Carly Verheul

Personal information
- Born: 12 January 1980 (age 46) Heemstede, Netherlands
- Batting: Right-handed
- Role: Batter
- Relations: Carly Merd Sofie Verheul

International information
- National side: Netherlands (1999–2002);
- ODI debut (cap 51): 25 March 1999 v Sri Lanka
- Last ODI: 28 June 2002 v New Zealand

Career statistics
| Competition | WODI |
| Matches | 10 |
| Runs scored | 74 |
| Batting average | 9.25 |
| 100s/50s | 0/0 |
| Top score | 46* |
| Balls bowled | 18 |
| Wickets | 0 |
| Bowling average | – |
| 5 wickets in innings | – |
| 10 wickets in match | – |
| Best bowling | – |
| Catches/stumpings | 2/– |
- Source: CricketArchive, 18 October 2015

= Carly Verheul =

Dutch cricketer

Carly Merd Sofie Verheul (born 12 January 1980) is a former Dutch international cricketer whose career for the Dutch national side spanned from 1999 to 2002. She played in ten One Day International (ODI) matches, including at the 2000 World Cup. Her club cricket was played for Rood en Wit.

Born in Heemstede, North Holland, Verheul made her Dutch senior debut at the age of 19, when she was included in the squad for its March 1999 tour of Sri Lanka. She went on to play in the third and fourth ODIs of the series. Verheul's next appearance for the national side came at the 1999 1999 European Championship, when she played against Denmark. She made 17 runs from seventh in the batting order, which was her team's equal highest score (with Pauline te Beest) as they were bowled out for 88. At the 2000 World Cup in New Zealand, Verheul was one of her team's youngest players, and played in four of a possible seven matches.
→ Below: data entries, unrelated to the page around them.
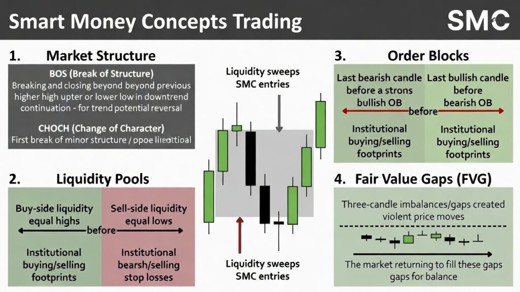 To master any SMC entry model, you first need to understand the language of the Smart Money. You cannot spot the entry if you do not understand the setup. Here are the core pillars:
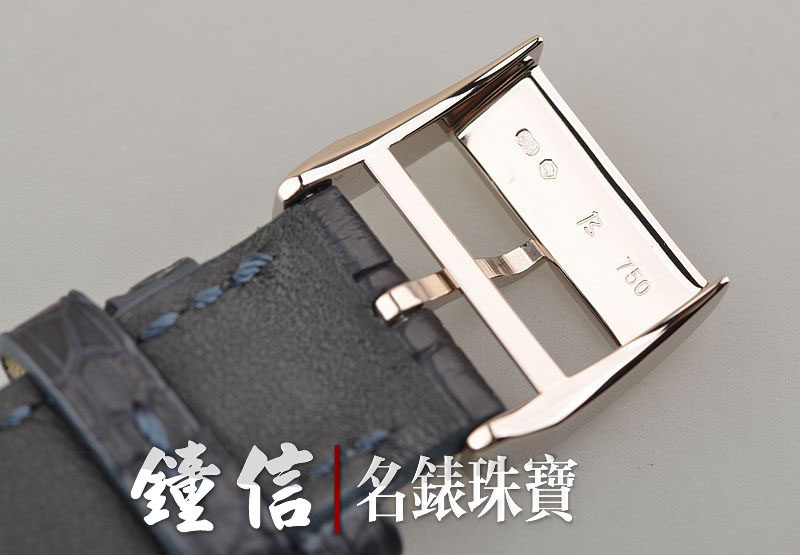 18K白金表壳及表扣,圣伯纳狗头印记。后配全新深蓝色短吻鳄鱼皮带。蓝宝石水晶镜面及底盖,立体银白色表盘,白金时分针、小秒针及刻度,第二时区时针及昼夜显示指针则运用了醒目的蓝钢针,整体上大气,简约,十分漂亮。表壳侧面10点位和8点位配备了小时快调按钮。口径40MM*9.1MM,防水30M。
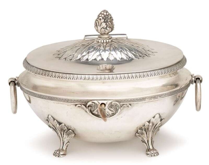 Oval form, the hinged lid mounted with a leaf design surmounted by a berry finial, leaf-tip frieze to the rim, the waisted body mounted with free moving handles, raised on four acanthus capped paw feet.

Her best innings, 46 not out from balls, came against India, and was the second-best by a Dutch player (after Rowan Milburn's 71). Verheul's next internationals came at the 2001 European Championship in England. Against Ireland, she was at the crease for 35 balls, but scored only two runs, for a strike rate of only 5.71. Verheul played one final ODI in June 2002, against the touring New Zealand team. She finished with a career batting average of 9.25.